[Stored data entries]
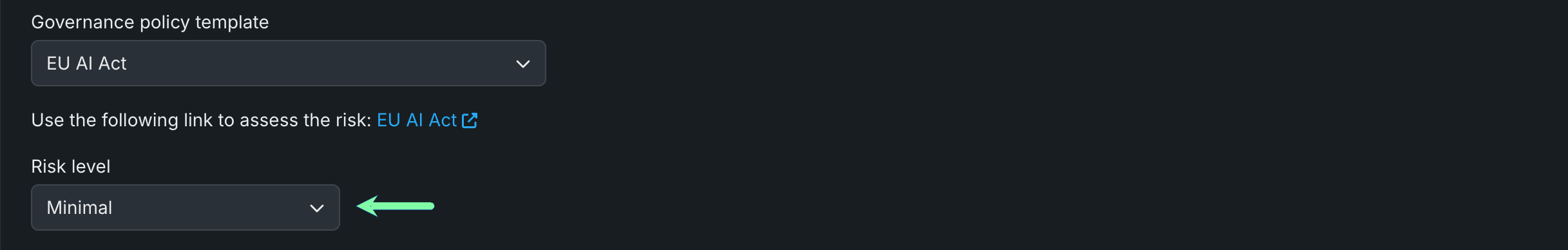 Field Description 1 Name Enter a descriptive name for the governance policy template. 2 Risk levels Add the risk levels associated with this template. To add a risk level, click + Add level. In this example, there are three levels: Minimal, Medium, and High. 3 Risk description Optional. Enter a risk description, for example, any helpful links or information that you want displayed to users when creating future risk assessments. -
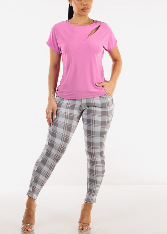 Short Sleeve Round Neck Stretchy Blouse Orchid
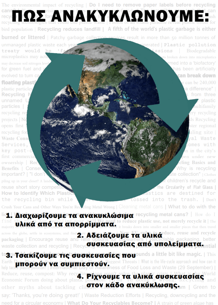 Καθημερινά ενημερωνόμαστε για οικολογικές καταστροφές σε όλο τον κόσμο, για την αλλοίωση του φυσικού περιβάλλοντος και τις συνέπειες που θα έχει αυτή η εξέλιξη στις ζωές μας. Ευτυχώς, ο σύγχρονος άνθρωπος φαίνεται να είναι πιο ευαισθητοποιημένος σε οικολογικά θέματα. Γι’ αυτόν τον λόγο, το σχολείο μας οργανώνει διάφορες περιβαλλοντικές δράσεις. Συγκεκριμένα, την τρέχουσα σχολική χρονιά 2024–25, μαθητές και μαθήτριες δημιούργησαν αφίσες που προωθούν την ανακύκλωση, αναδεικνύουν τη σημασία της και ενημερώνουν για τον τρόπο με τον οποίο πρέπει να γίνεται. Πέρα από αυτό, τοποθετήθηκαν ειδικοί κάδοι ανακύκλωσης σε διάφορους χώρους του σχολείου, αλλά και έξω από τις διδακτικές αίθουσες. Έτσι, μαθητές και εκπαιδευτικοί θα έχουν τη δυνατότητα να ανακυκλώνουν τις συσκευασίες των προϊόντων που καταναλώνουν (χαρτί και πλαστικό). Όλα τα τμήματα του Σχολείου μας θα αναλάβουν εκ περιτροπής τη συγκέντρωση των ανακυκλώσιμων υλικών, τα οποία θα απορρίπτουν σε κάδους που έχουν τοποθετηθεί στις πύλες του Σχολείων μας από τον Δήμο Διονύσου. Επιπλέον, προγραμματίζουμε να γίνει αναλυτική ενημέρωση από φορέα ειδικό στα θέματα αυτά.
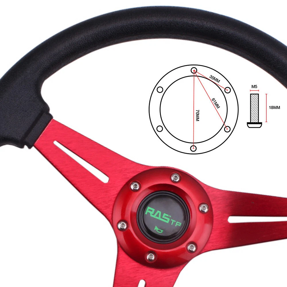 Red 350mm Racing Steering Wheel Drifting Deep Dish +Ball Quick Release Adapter Specifications: 【Steering Wheel】 Diameter: 13.5 Inches / 345mm 3.7inches / 95mm Deep Dished Light Weight & Durable Alloy Spoke Standard 6 Bolt Fitment 【Quick Release Adapter】 Billet Aluminum Body, Good Bearing Capacity, Durable in Using. With 6 Long Screws and 6 Short Screws for Various Snap off Needs, Ball-lock Type Mechanism for Best Locking Fit and Usability. Easy to Operate, Direct Bolt-on, Fast Detach Allows Steering Wheel to Be Removed Quickly. Compatible with 6-Hole Steering Wheel Hub Kit, Designed for Many Aftermarket Racing Steering Wheel. Package Include Only a Steering Wheel and a Quick Release Adapter, Must Be Installed with Hub Adapter (Not Include, Need Purchase Separately). Package Included: 1 X Steering Wheel Kit 1 X Quick Release Adapter Kit All Items Are Brand New Unless Stated Otherwise on the Listing. We Sell Diy (Do It Yourself) Items with a Few Exceptions. We Take No Responsibility in Teaching You How to Install. Professional Installation Is Strongly Recommended. SHIPPING INFORMATION PAYMENT WARRANTY ABOUT US CONTACT US SHIPPING INFORMATION We will only ship this item to buyers by Normal Mail, please confirm your address is correct, and if you want to change the delivery address, just feel free to contact us when you purchase. Usually, we will ship the orders out and upload the tracking number within 1-2 business days(Monday to Saturday from 8:30am-5:30pm) after you complete the payment. PAYMENT We will only accept eBay payment. Please pay using eBay payment ONLY within 7 days from the date of transaction be made. WARRANTY Please inspect your order upon receipt.No damage claims will be honored after 14 days of delivery. All item we sold come with 90 days defective warranty from the date. ABOUT US We are a powerful factory producing auto parts,and we have a professional sales and after-sales team that can provide you with excellent products and services. CONTACT US For any reason you want to contact us,We aim at satisfying every visitor, no matter what kind of situation you meet with, we will be right here to serve you. Please contact our team. If you are happy with the transaction with us, leaving us an ALL-5-STAR positive feedback would be greatly appreciated. Have a good shopping.
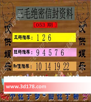 3d之家第2016053期三毛绝密信封资料图:福彩3d第053期三毛绝密信封资料图详解:三码推荐:1 2 6旺码推荐:9 4 5 7 6和值推荐:10 14 19 22三毛图库由3D之家3D图库频道原创,仅供彩民参考,温馨提供。

■ **Task to carry out**: What you give back must match the lines from the start of the records through the line that contains "Short Sleeve Round", exactly, with the pictures left out.

■ **Expected output**:
 Field Description 1 Name Enter a descriptive name for the governance policy template. 2 Risk levels Add the risk levels associated with this template. To add a risk level, click + Add level. In this example, there are three levels: Minimal, Medium, and High. 3 Risk description Optional. Enter a risk description, for example, any helpful links or information that you want displayed to users when creating future risk assessments. -
 Short Sleeve Round Neck Stretchy Blouse Orchid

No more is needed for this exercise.